Exercise aim
When you transcribe the lines below, keep every word the same and leave the pictures behind.

Data segment
=== Begin Enclosure ===

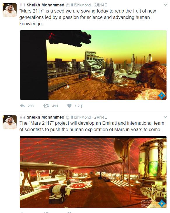 【环球网综合报道 记者 赵衍龙】 阿拉伯联合酋长国(UAE)副总统阿勒马克图姆(Sheik Mohammed bin Rashid Al Maktoum)周二(14日)在推特上宣布,最晚在100年后(2117年),要在火星上搭建一座人类可居住的小都市,也不排除在火星上盖一座迪拜塔。他说:“踏上其他行星一直是人类的长年梦想,而今后阿拉伯联合酋长国将站到梦想的最前端。”
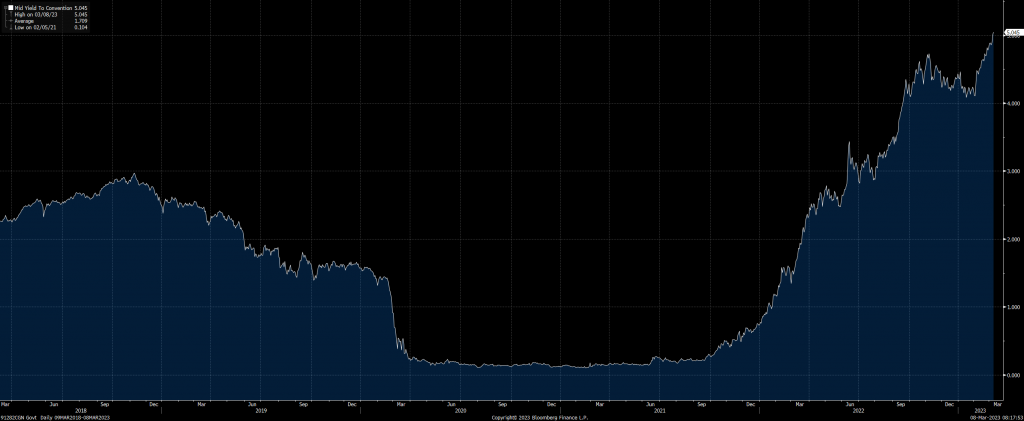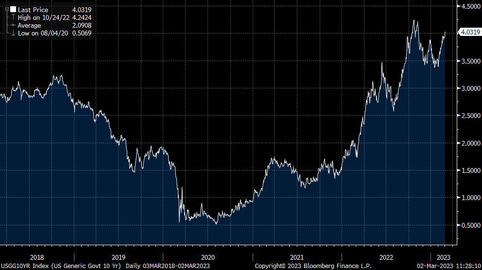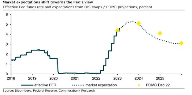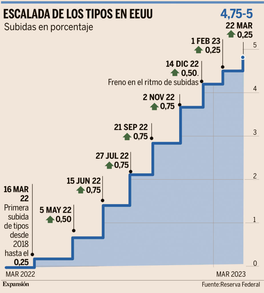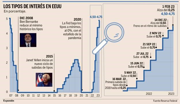 Los buenos datos macroeconómicos en Estados Unidos, +2.9% de crecimiento de PIB en el último trimestre de 2022, ha hecho que la Fed suba un 0,25% adicional los tipos de interés hasta el rango 4.5%-4.75% y hay ya varios analistas previendo que en marzo ya no subirá más.
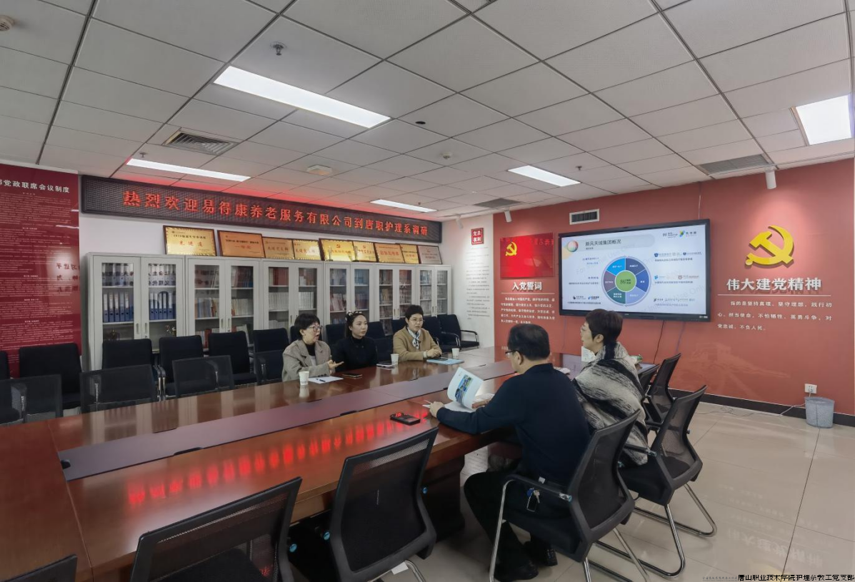 唐山职业技术学院护理系深耕长期照护人才培养领域,凭借扎实成果与示范引领作用,成功入选第四批 “全国党建工作样板支部” 培育创建序列,其专业实力与育人成效持续吸引行业关注。近日,易得康养老服务有限公司相关负责人专程赴学院护理系开展调研,围绕实习基地共建、就业渠道拓展、订单班联合培养、长期照护师职业技能等级证书培训考核等核心议题,与护理系团队深入交流,为双方后续深化校企协同、共推行业人才培养搭建合作桥梁。

=== End Enclosure ===

Written solution
 【环球网综合报道 记者 赵衍龙】 阿拉伯联合酋长国(UAE)副总统阿勒马克图姆(Sheik Mohammed bin Rashid Al Maktoum)周二(14日)在推特上宣布,最晚在100年后(2117年),要在火星上搭建一座人类可居住的小都市,也不排除在火星上盖一座迪拜塔。他说:“踏上其他行星一直是人类的长年梦想,而今后阿拉伯联合酋长国将站到梦想的最前端。”
 Los buenos datos macroeconómicos en Estados Unidos, +2.9% de crecimiento de PIB en el último trimestre de 2022, ha hecho que la Fed suba un 0,25% adicional los tipos de interés hasta el rango 4.5%-4.75% y hay ya varios analistas previendo que en marzo ya no subirá más.
 唐山职业技术学院护理系深耕长期照护人才培养领域,凭借扎实成果与示范引领作用,成功入选第四批 “全国党建工作样板支部” 培育创建序列,其专业实力与育人成效持续吸引行业关注。近日,易得康养老服务有限公司相关负责人专程赴学院护理系开展调研,围绕实习基地共建、就业渠道拓展、订单班联合培养、长期照护师职业技能等级证书培训考核等核心议题,与护理系团队深入交流,为双方后续深化校企协同、共推行业人才培养搭建合作桥梁。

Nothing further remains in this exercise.